K-3, DA* 55 and 3 shots at F1.8 (haven't calculated the resulting equivalent FoV/aperture)
K-3, Sigma 85. 42 shots combined to make a calculated equivalent of 18mm f/0.7 (yes, 0.7):
Originally posted by macman24054 As far as bokeh is concerned a FF is superior. With aps-c you have to use subject to background distance and subject to foreground distance to your advantage. There is a reason the DA* 50-135 is one of the most popular portrait lenses on the forum. The rendering from it's lens compression can be just as pleasing to the eye as FF bokeh. Jpeg straight out of my K-50.
Umm...
Bokeh is not a "sensor-size thing." It's a "lens thing"...
It's easier to create bokeh on larger sensors simply because the depth of field is inherently shallower (which logic then yields "more is out of focus" or "less is in focus" - which ever you prefer). Physics is kind of the law that way...
But despite depth of field being largely based on sensor-size, it is certainly not exclusively dictated by it.
Compression =/= bokeh. K-3/K-5 IIs, DA* 55 for all of these:
K-3/K-5 IIs, FA 77 for all of these: K-3, Sigma 85 for these
Originally posted by macman24054 As far as bokeh is concerned a FF is superior. With aps-c you have to use subject to background distance and subject to foreground distance to your advantage. There is a reason the DA* 50-135 is one of the most popular portrait lenses on the forum. The rendering from it's lens compression can be just as pleasing to the eye as FF bokeh. Jpeg straight out of my K-50.
Compression has actually little to do with Bokeh as it's instead how an image is (or isn't) distorted based on where features within an image fall in relation to each other (i.e. spatial distance between ears, nose, and mouth). But bokeh is 100% possible without telephoto compression...
K-3, Sigma 18-35 @ 18mm
The reason the 50-135 is one of the most popular portrait lenses is because it is the APS-C equivalent to the "standard" 70-200mm on FF.
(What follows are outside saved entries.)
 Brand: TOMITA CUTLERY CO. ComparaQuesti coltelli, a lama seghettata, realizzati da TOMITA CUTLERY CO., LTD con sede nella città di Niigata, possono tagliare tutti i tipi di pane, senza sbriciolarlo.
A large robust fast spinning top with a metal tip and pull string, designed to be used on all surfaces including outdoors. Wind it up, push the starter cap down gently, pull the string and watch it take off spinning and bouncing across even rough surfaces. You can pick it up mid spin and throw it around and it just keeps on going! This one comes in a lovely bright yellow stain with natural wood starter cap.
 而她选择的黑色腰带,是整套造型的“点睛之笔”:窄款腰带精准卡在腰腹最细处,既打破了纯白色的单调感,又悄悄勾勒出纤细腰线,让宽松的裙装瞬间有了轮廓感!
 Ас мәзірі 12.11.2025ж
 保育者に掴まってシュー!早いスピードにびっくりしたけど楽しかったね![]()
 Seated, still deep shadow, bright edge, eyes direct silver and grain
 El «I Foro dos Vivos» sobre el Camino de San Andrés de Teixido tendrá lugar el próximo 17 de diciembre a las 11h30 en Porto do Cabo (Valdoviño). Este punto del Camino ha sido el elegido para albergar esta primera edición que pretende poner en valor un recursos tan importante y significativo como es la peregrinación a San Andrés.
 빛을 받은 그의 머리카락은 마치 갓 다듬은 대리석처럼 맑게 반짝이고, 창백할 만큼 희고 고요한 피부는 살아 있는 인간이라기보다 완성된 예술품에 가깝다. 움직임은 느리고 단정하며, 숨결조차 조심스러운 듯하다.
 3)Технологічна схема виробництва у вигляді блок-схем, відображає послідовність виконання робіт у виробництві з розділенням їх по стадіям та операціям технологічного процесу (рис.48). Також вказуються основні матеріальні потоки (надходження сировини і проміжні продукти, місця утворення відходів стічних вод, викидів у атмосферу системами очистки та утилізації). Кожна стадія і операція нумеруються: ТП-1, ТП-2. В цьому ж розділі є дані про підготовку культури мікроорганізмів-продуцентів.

It's frustrating the amount of people that contribute to discussions such as this and attempt to pass themselves off as definitive expertise on a subject when they (apparently completely unknowingly) do not know what they are talking about. Nothing but proliferating misinformation.
Incredibly irritating...
Originally posted by panoguy That is some great work, and I'm not partial to wedding photos (though I know you are, in a professional sense). Looks like Fuji medium-format to me.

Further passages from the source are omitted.